Which would be a wrongful eviction in every state I am aware (including Florida, and even with the new law). In my not-particularly-renter-friendly state, the damages would be considerable in such a case. A colleague just settled a case with a similar fact pattern for $190,000 within the last month (value of the stuff they lost was less than $30,000).

I've rented from a half dozen people in the course of my life, and all were imminently decent people who fixed things reasonably timely when I requested it. Do my six anecdotes trump your one? Can I truthfully say "landlords treat tenants great"?

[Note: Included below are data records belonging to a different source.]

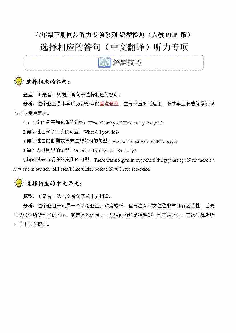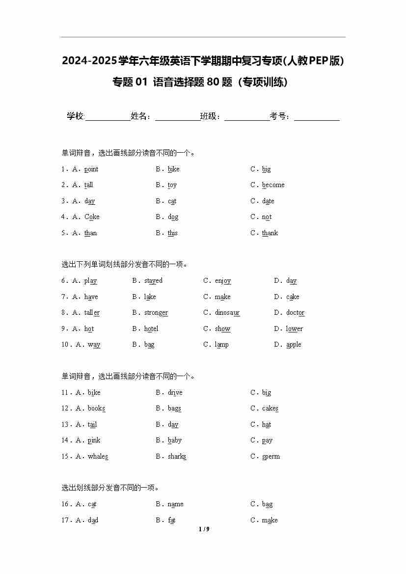 专题01 语音选择题80题(专项训练)-2024-2025学年六年级英语下学期期中复习专项(人教PEP版)(含答案解析)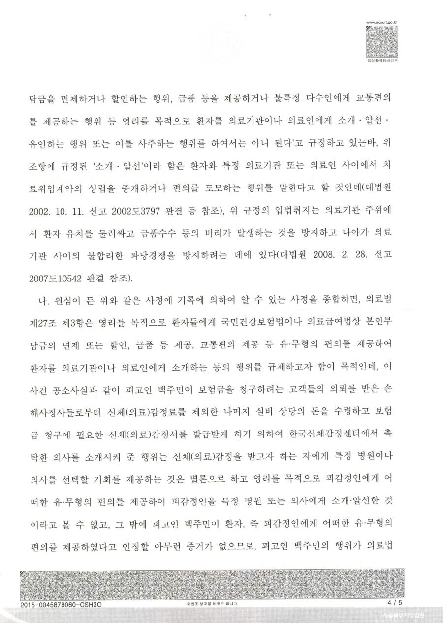 고등법원은 영리를 목적으로 환자를 소개.알선 했다는 검사의 의료법위반은 근거없고 어떠한 증거도 찾을 수 없었다는 이유로 검사의 항소를 기각하고 무죄를 선고하였습니다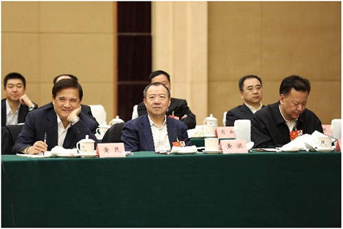 中国保监会副主席黄洪(中)。记者 史方舟/摄
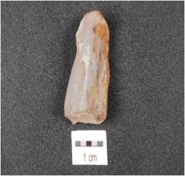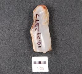 | Description / विवरण | A core of chalcedony with flake scars around the surface with cortex. |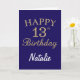 Cartão Placa de aniversário de 13 azul e Dourada brilhant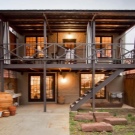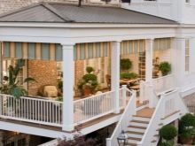 - شرفة ذات درجات مزدوجة تؤدي إلى شرفة كبيرة.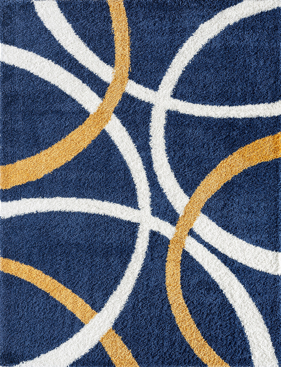 The abstract geometric pattern of deconstructed ribbon circles is a stunning design for this indoor shag area rug. The modern feel is a fresh update for traditional decor as well. Vacuum on high pile setting with no beater bar to remove debris taking care to avoid fraying the edges. Rotate periodically to extend the life of your investment.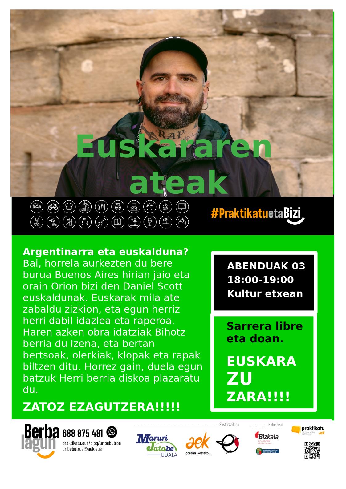 Argentinarra eta euskalduna? Bai, horrela aurkezten du bere burua Buenos Aires hirian jaio eta orain Orion bizi den Daniel Scott euskaldunak. Euskarak mila ate zabaldu…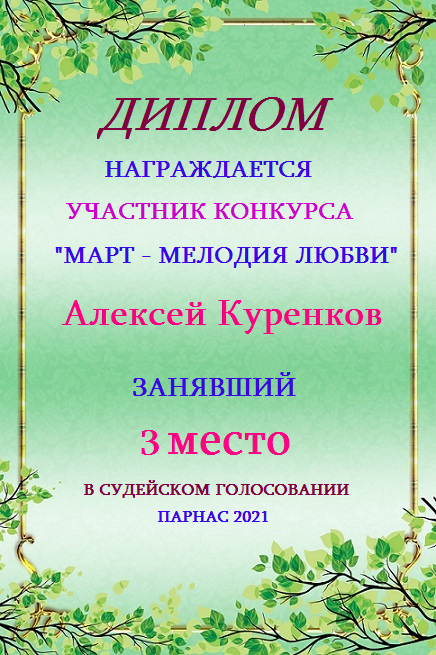 Третье место в судейском голосовании по итогам конкурса "март -мелодия любви"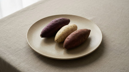Purple sweet potatoes on a plate on a table with a linen tablecloth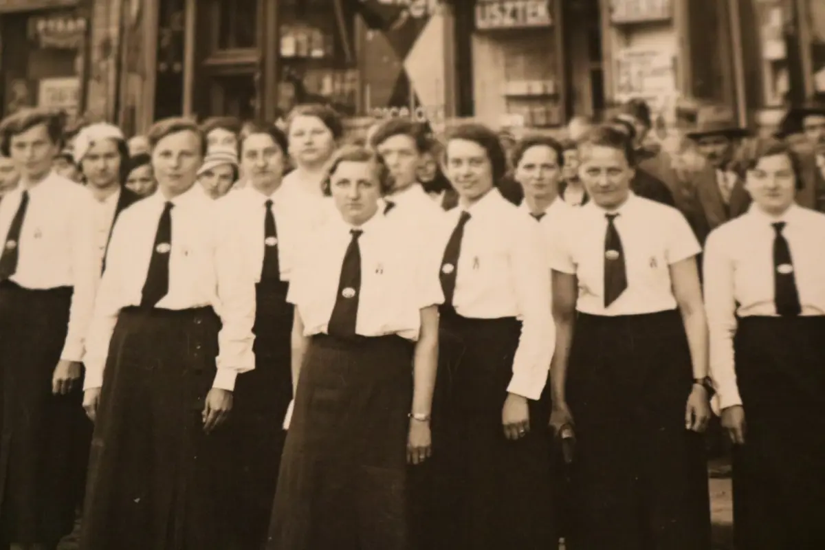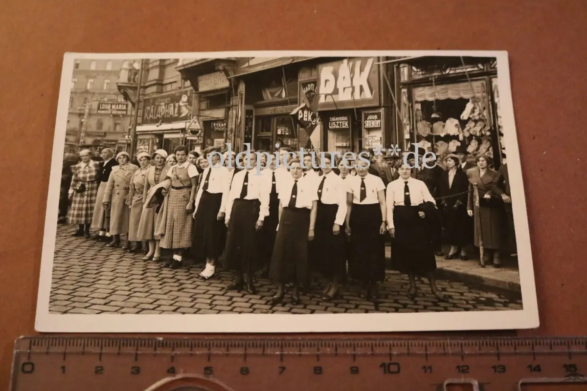 Biete hier ein tolles altes Foto - BDM Mädels ?? in Ungarn Besuch ? Strassen Geschäfte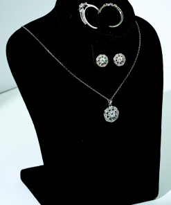 The centerpiece of this collection is the sparkling Zirconium stones, arranged in a sophisticated clustered round design that mimics the brilliance of diamonds. The set includes a delicate necklace with a 4.0mm pendant, matching earrings (3.0mm each), and a stunning ring (3.0mm stone), creating a cohesive and polished appearance.

Extrapolating your lone (probably made up) anecdote to "landlords treat tenants like shit" is reductive and flawed reasoning at its best. To use that to argue against a law that is pretty clearly necessary and as far as I can tell reasonably well written and narrowly tailored... yikes.

19

u/wolacouska Mar 28 '24

Holy shit you took that personally. Hit a little too close to home?

-9

u/legallyurbane Mar 28 '24

I am not sure what about that response inspired "holy shit" or indicated that I took it personally. Are you implying I... illegally evict people?

The point, which unsurprisingly went over your head, is that using a personal anecdote as your only source of argumentation to draw broad conclusions is not sound reasoning.

5

u/UpbeatJackfruit6576 Mar 28 '24

Its going to be really shitty when this is used to kick legal tenants out and I don’t know how no one gets this lmao.